People often ask me if it’s possible to attain a state where the ego actually dies. And I say, well, I’ve met one or two people in my life in whom it appeared that this had occurred—the ego had literally dissolved.
But in those rare cases, I don’t think it was a result of the individuals’ own choices or efforts—it was more like a spontaneous combustion, an act of grace. So I do believe that the death of the ego is possible, but I don’t think it is an attainable goal. If something like that is going to occur, it’s beyond our control, and it’s extremely unlikely for most of us. I don’t personally think it’s possible for anybody, through the power of their will alone, to eradicate the ego completely. But the point is, it doesn’t really matter. If you are willing to face and take responsibility for your ego’s self-centered motives, conditioned responses, and often irrational impulses to such a degree that you are able to choose not to act on them, they might as well not exist. lf you don’t act on them, the world is never going to know about them. There won’t be any karmic consequences. And that is a reasonable, realizable, attainable goal. So l am convinced that, in this way, it is possible to transcend ego to a profound degree, simply through the power of one’s own awakened intention to do so.

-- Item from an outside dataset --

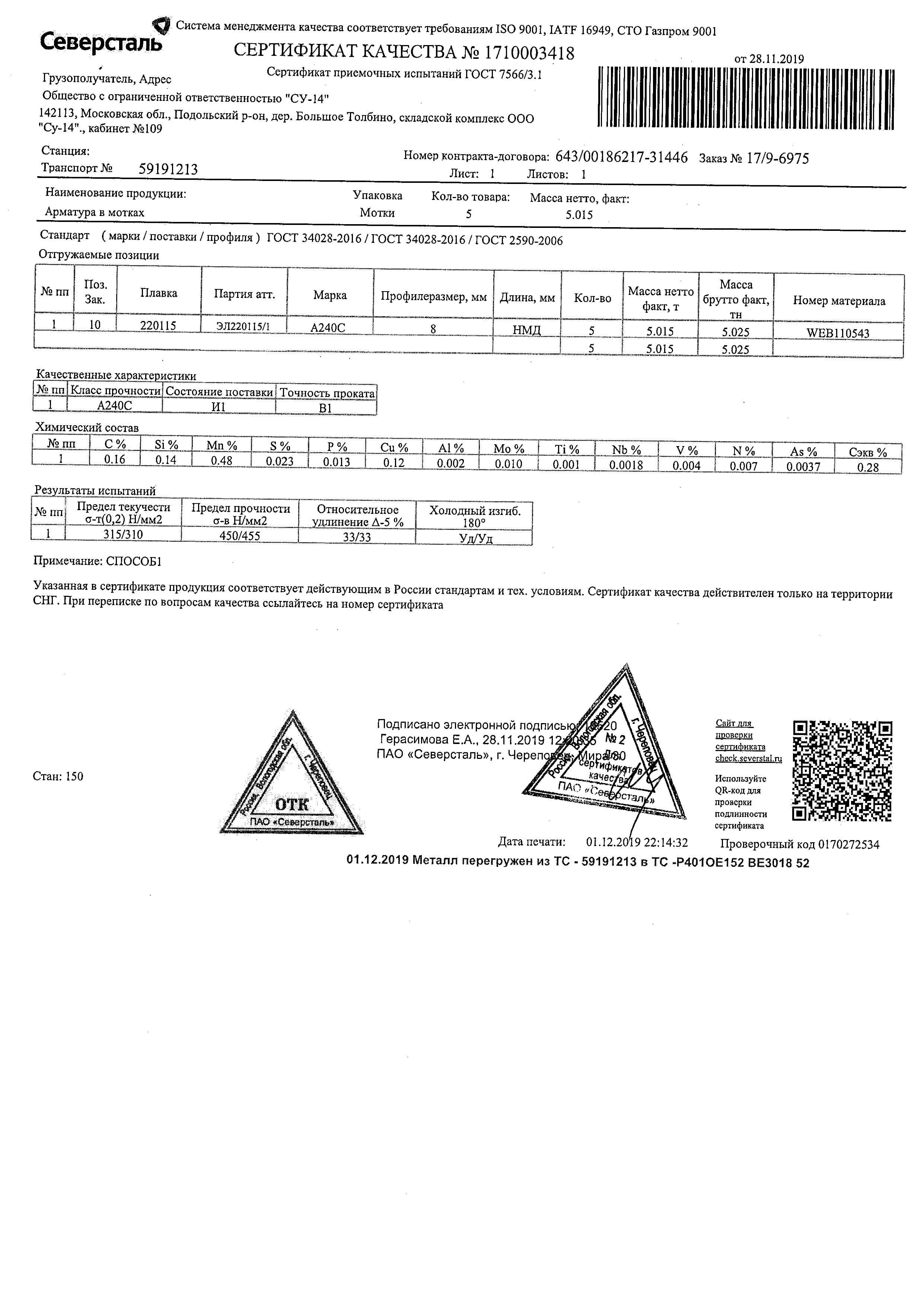 С каждой товарной позицией мы предоставляем все сертификаты и паспорта качества, а также товарно-транспортную накладную.

In the way that I teach, I try to get people, first and foremost, to recognize that they actually have an ego and begin to understand how it functions, and second, to become deadly serious about transcending it in a way that is significant. However, getting a highly developed, postmodern, narcissistic individual to take seriously for more than a brief moment the possibility of actually transcending their own ego is a difficult task. That notion is just not part of our culture. But if it’s not going to happen as act of grace, the individual has to want to achieve that more than anything else.
Indeed, to take that kind of responsibility for oneself and one’s own enlightenment is the ultimate challenge for any human being, and for most of us it’s just too demanding. Because we have been immersed in conditioned reactions and responses and ways of thinking for a lifetime, there is a very powerful momentum within all of us that doesn’t stop or die simply because we decide one day that that would be a good idea. But if we want to evolve beyond ego, if we care deeply enough about the impact of our actions on others and the world around us, we can always choose, right now, not to act on any of it. At times it will be extremely difficult, emotionally and psychologically, but it is possible. And as far as l understand it, that’s the high road. That’s the real spiritual practice: the inspired choice to cease to act out of ego, over and over again, at all times, in all places, under all circumstances. In my understanding, that would be as significant as the death of ego, if not more so. That would give birth to a noble human being, who has inherent self-respect, dignity and self-confidence, simply because she or he is being true to a higher intention in the face of the temptation to do otherwise.